Holding: The Court dismissed the petition for review, holding that local territorial practice and the defendant’s failure to timely demand a jury left no substantial federal question for review.
- Makes it harder to seek Supreme Court review when local procedure and waiver removed any federal question.
- Requires parties to assert federal jury or equity rights in proper form and at the right time.

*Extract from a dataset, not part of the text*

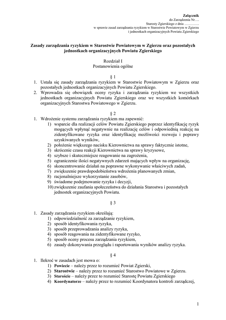 Załącznik do Zarządzenia Nr…. Starosty Zgierskiego z dnia …………. w sprawie zasad zarządzania ryzykiem w Starostwie Powiatowym w Zgierzu i jednostkach organizacyjnych Powiatu Zgierskiego Zasady zarządzania ryzykiem w Starostwie Powiatowym w Zgierzu oraz pozostałych jednostkach organizacyjnych Powiatu Zgierskiego Rozdział I Postanowienia ogólne §1 1. Ustala się zasady zarządzania ryzykiem w Starostwie Powiatowym w Zgierzu oraz pozostałych jednostkach organizacyjnych Powiatu Zgierskiego. 2. Wprowadza się obowiązek oceny ryzyka i zarządzania ryzykiem we wszystkich jednostkach organizacyjnych Powiatu Zgierskiego oraz we wszystkich komórkach organizacyjnych Starostwa Powiatowego w Zgierzu. §2 1. Wdrożenie systemu zarządzania ryzykiem ma zapewnić: 1) wsparcie dla realizacji celów Powiatu Zgierskiego poprzez identyfikację ryzyk mogących wpłynąć negatywnie na realizację celów i odpowiednią reakcję na zidentyfikowane ryzyka oraz identyfikację możliwości rozwoju i poprawy uzyskiwanych wyników, 2) położenie większego nacisku Kierownictwa na sprawy faktycznie istotne, 3) skrócenie czasu reakcji Kierownictwa na sprawy kryzysowe, 4) szybsze i skuteczniejsze reagowanie na zagrożenia, 5) ograniczenie ilości negatywnych zdarzeń mających wpływ na organizację, 6) skoncentrowanie działań na poprawne wykonywanie właściwych zadań, 7) zwiększenie prawdopodobieństwa wdrożenia planowanych zmian, 8) racjonalniejsze wykorzystanie zasobów, 9) świadome podejmowanie ryzyka i decyzji, 10) zwiększenie zaufania społeczeństwa do działania Starostwa i pozostałych jednostek organizacyjnych Powiatu. §3 1. Zasady zarządzania ryzykiem określają: 1) odpowiedzialność za zarządzanie ryzykiem, 2) sposób identyfikowania ryzyka, 3) sposób przeprowadzania analizy ryzyka, 4) sposób reagowania na zidentyfikowane ryzyko, 5) sposób oceny procesu zarządzania ryzykiem, 6) zasady dokonywania przeglądu i raportowania wyników analizy ryzyka. §4 1. Ilekroć w zasadach jest mowa o: 1) Powiecie – należy przez to rozumieć Powiat Zgierski, 2) Starostwie – należy przez to rozumieć Starostwo Powiatowe w Zgierzu. 3) Staroście – należy przez to rozumieć Starostę Powiatu Zgierskiego 4) Koordynatorze – należy przez to rozumieć Koordynatora kontroli zarządczej, 1 Załącznik do Zarządzenia Nr…. Starosty Zgierskiego z dnia …………. w sprawie zasad zarządzania ryzykiem w Starostwie Powiatowym w Zgierzu i jednostkach organizacyjnych Powiatu Zgierskiego 5) Kierowniku komórki organizacyjnej – należy przez to rozumieć Naczelników Wydziałów, Samodzielne Stanowiska, Koordynatorów Biur i Zespołów, 6) Kierowniku jednostki organizacyjnej – należy przez to rozumieć Dyrektorów jednostek organizacyjnych Powiatu Zgierskiego, 7) Audytorze wewnętrznym – należy przez to rozumieć koordynatora Biura Audytu wewnętrznego i Kontroli, zatrudnionego w Starostwie Powiatowym w Zgierzu, 8) Biurze Audytu wewnętrznego i Kontroli – należy przez to rozumieć komórkę organizacyjną Starostwa Powiatowego w Zgierzu, wypełniająca zadania z zakresu audytu wewnętrznego i kontroli instytucjonalnej, w stosunku do jednostek organizacyjnych Powiatu Zgierskiego, 9) Pracownikach – należy przez to rozumieć odpowiednio pracowników komórek organizacyjnych Starostwa i jednostek organizacyjnych Powiatu, 10) ryzyku – należy przez to rozumieć zdarzenie zagrażające realizacji zadań i osiąganiu celów jednostki/komórki organizacyjnej. 11) czynnikach ryzyka – należy przez to rozumieć zdarzenia, działania, zaniechania działania i inne okoliczności sprzyjające wystąpieniu ryzyka, 12) zarządzaniu ryzykiem – należy przez to rozumieć wykonywanie czynności w oparciu o przyjętą metodologię, dzięki której Kierownicy jednostek, komórek organizacyjnych określają, analizują i kontrolują ryzyko działalności, Rozdział II Odpowiedzialność za zarządzanie ryzykiem §5 1. Odpowiedzialność za prawidłowe wdrożenie systemu zarządzania ryzykiem w Starostwie ponosi Starosta. 2. Odpowiedzialność za prawidłowe wdrożenie systemu zarządzania ryzykiem w pozostałych jednostkach organizacyjnych Powiatu ponosi Kierownik jednostki organizacyjnej. 3. Koordynator kontroli zarządczej: 1) sprawuje nadzór nad procesem zarządzania ryzykiem w ramach systemu kontroli zarządczej I i II poziomu, 2) inicjuje działania niezbędne do prawidłowej organizacji systemu zarządzania ryzykiem i prawidłowego funkcjonowania procesu zarządzania ryzykiem na I i II poziomie systemu kontroli zarządczej, 3) weryfikuje zadania, cele, mierniki i ryzyka określone przez Kierowników jednostek organizacyjnych i komórek organizacyjnych. 4. Koordynator kontroli zarządczej przedkłada Staroście zweryfikowaną listę zadań, celów, mierników i ryzyk do zatwierdzenia, jak również bierze udział w procesie identyfikacji, analizy i oceny ryzyka dla Powiatu. 5. Kierownicy komórek odpowiedzialni za: organizacyjnych i jednostek organizacyjnych są 2 Załącznik do Zarządzenia Nr…. Starosty Zgierskiego z dnia …………. w sprawie zasad zarządzania ryzykiem w Starostwie Powiatowym w Zgierzu i jednostkach organizacyjnych Powiatu Zgierskiego 1) utworzenie listy zadań, celów w zarządzanej komórce oraz udokumentowanie listy zadań, celów zgodnie ze wzorem zamieszczonym w załączniku Nr 1 Część A, 2) dokumentowanie procesu identyfikacji i oceny ryzyka w komórce organizacyjnej oraz przeprowadzenie analizy zidentyfikowanego ryzyka zgodnie ze wzorem stanowiącym załącznik Nr 1 Część A 3) dokumentowanie procesu realizacji celów i zadań, zgodnie z załącznikiem Nr 1 cześć B 4) przekazanie wypełnionego załącznika Nr 1 część A i B do Biura Audytu wewnętrznego i Kontroli, 5) opracowywanie i inicjowanie wdrażania mechanizmów kontrolnych w jednostkach/komórkach organizacyjnych, 6) określanie istotności ryzyka i wdrażanie odpowiednich mechaniz

- Affirms that failing to demand a jury before or during trial can forfeit that right.
Summary
Background
A bank failed and a court-appointed bank receiver sued several people who had taken stock, including a man who had been issued eighty shares but was alleged to have paid nothing. The receiver filed the case in a United States court in the Indian Territory before Oklahoma became a State. The defendant demurred, arguing the case belonged at law not in equity and that he was entitled to a jury trial. After Oklahoma’s admission, the suit moved into state courts, was tried to a judge without a jury, and resulted in a judgment against the defendant that the state supreme court upheld.
Reasoning
The core question was whether the defendant had preserved any federal issue that would allow this Court to review the state-court judgment. The Court explained that the territorial practice adopted rules from Arkansas that treated pleadings liberally, so a demurrer was not a proper way to demand a jury or to raise the federal statute barring equitable suits where legal remedies exist. The Court also found the defendant never properly demanded a jury when there were disputed facts and thus effectively waived that right by participating in the bench trial. Because no substantial federal question remained, the Supreme Court declined review.
Real world impact
This ruling is about procedure, not the bank’s underlying debts. It shows that local rules and timing matter: federal rights can be lost if not raised in the right way and at the right time, and the Supreme Court will not review state judgments when no substantial federal question survives.